Instructions to follow - Each line below needs to be returned exactly. Skip any picture.

Records to use -
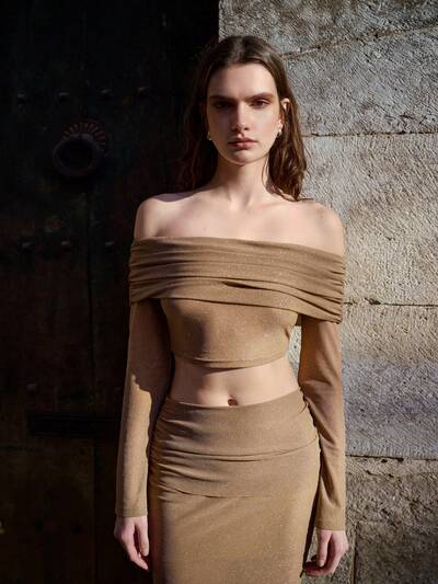 SHEIN Maija Conjunto de dos piezas de estilo nuevo para primavera y verano con top de un hombro de punto con lentejuelas color caqui y falda entallada sexy. Moderno y elegante, adecuado para uso diario casual, salidas, fiestas de vacaciones y bodas.-28%
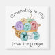 Este ímã engraçado e fabuloso é perfeito para qualquer amante de crochê que você conhece. Com os fios de aquarela brilhantes e felizes em uma cesta com ganchos de crochê, seria um presente de excelente. É perfeito com "Crocheting Is My Love Language!" e "Hand Made with Love By ______".
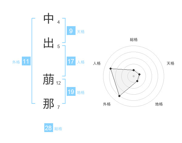 中出 萠那さんの総格は28画の1点!
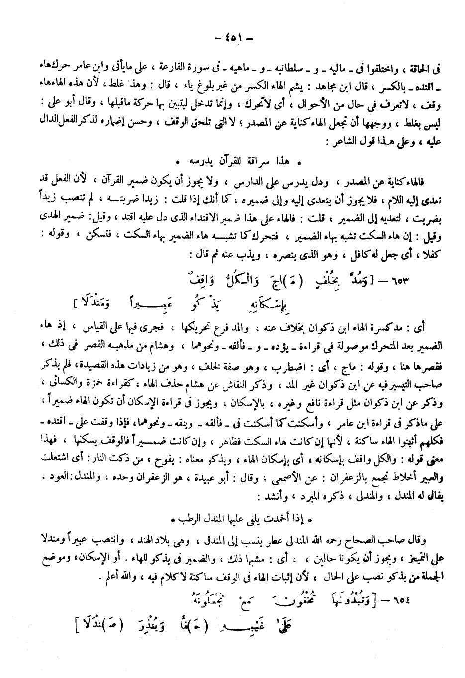 أي: مد كسرة الهاء ابن ذكوان بخلاف عنه، والمد فرع تحريكها، فجرى فيها على القياس؛ إذ هاء الضمير بعد المتحرك موصولة في قراءة "يؤده" و"فألفه"، ونحوهما، وهشام من مذهبه القصر في ذلك فقصرها هنا، وقوله: ماج؛ أي: اضطرب وهو صفة لخلف، وهو من زيادات هذه القصيدة فلم يذكر صاحب التيسير فيه عن ابن ذكوان غير المد، وذكر النقاش عن هشام حذف الهاء كقراءة حمزة والكسائي، وذكر عن ابن ذكوان مثل قراءة نافع وغيره بالإسكان، ويجوز في قراءة الإسكان أن تكون الهاء ضميرًا على ما ذكر في قراءة ابن عامر، وأسكنت كما أسكنت في "فألقه" "ويتقه" ونحوهما، فإذا وقفت على "اقتده" فكلهم أثبتوا الهاء ساكنة؛ لأنها إن كانت هاء السكت فظاهر، وإن كانت ضميرا فالوقف يسكنها فهذا معنى قوله: والكل واقف بإسكانه؛ أي: بإسكان الهاء ويذكو معناه: يفوح من ذكت النار؛ أي: اشتعلت، والعبير أخلاط تجمع بالزعفران، عن الأصمعي وقال أبو عبيدة: هو الزعفران وحده والمندل: العود يقال له المندل والمندلي، ذكره المبرد، وأنشد:
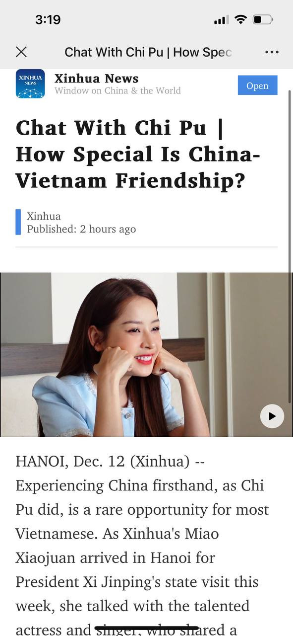 Chi Pu vừa thực hiện cuộc trả lời phỏng vấn với Tân Hoa Xã và CGTN (Đài truyền hình Trung ương Trung Quốc).

Response area -
 SHEIN Maija Conjunto de dos piezas de estilo nuevo para primavera y verano con top de un hombro de punto con lentejuelas color caqui y falda entallada sexy. Moderno y elegante, adecuado para uso diario casual, salidas, fiestas de vacaciones y bodas.-28%
 Este ímã engraçado e fabuloso é perfeito para qualquer amante de crochê que você conhece. Com os fios de aquarela brilhantes e felizes em uma cesta com ganchos de crochê, seria um presente de excelente. É perfeito com "Crocheting Is My Love Language!" e "Hand Made with Love By ______".
 中出 萠那さんの総格は28画の1点!
 أي: مد كسرة الهاء ابن ذكوان بخلاف عنه، والمد فرع تحريكها، فجرى فيها على القياس؛ إذ هاء الضمير بعد المتحرك موصولة في قراءة "يؤده" و"فألفه"، ونحوهما، وهشام من مذهبه القصر في ذلك فقصرها هنا، وقوله: ماج؛ أي: اضطرب وهو صفة لخلف، وهو من زيادات هذه القصيدة فلم يذكر صاحب التيسير فيه عن ابن ذكوان غير المد، وذكر النقاش عن هشام حذف الهاء كقراءة حمزة والكسائي، وذكر عن ابن ذكوان مثل قراءة نافع وغيره بالإسكان، ويجوز في قراءة الإسكان أن تكون الهاء ضميرًا على ما ذكر في قراءة ابن عامر، وأسكنت كما أسكنت في "فألقه" "ويتقه" ونحوهما، فإذا وقفت على "اقتده" فكلهم أثبتوا الهاء ساكنة؛ لأنها إن كانت هاء السكت فظاهر، وإن كانت ضميرا فالوقف يسكنها فهذا معنى قوله: والكل واقف بإسكانه؛ أي: بإسكان الهاء ويذكو معناه: يفوح من ذكت النار؛ أي: اشتعلت، والعبير أخلاط تجمع بالزعفران، عن الأصمعي وقال أبو عبيدة: هو الزعفران وحده والمندل: العود يقال له المندل والمندلي، ذكره المبرد، وأنشد:
 Chi Pu vừa thực hiện cuộc trả lời phỏng vấn với Tân Hoa Xã và CGTN (Đài truyền hình Trung ương Trung Quốc).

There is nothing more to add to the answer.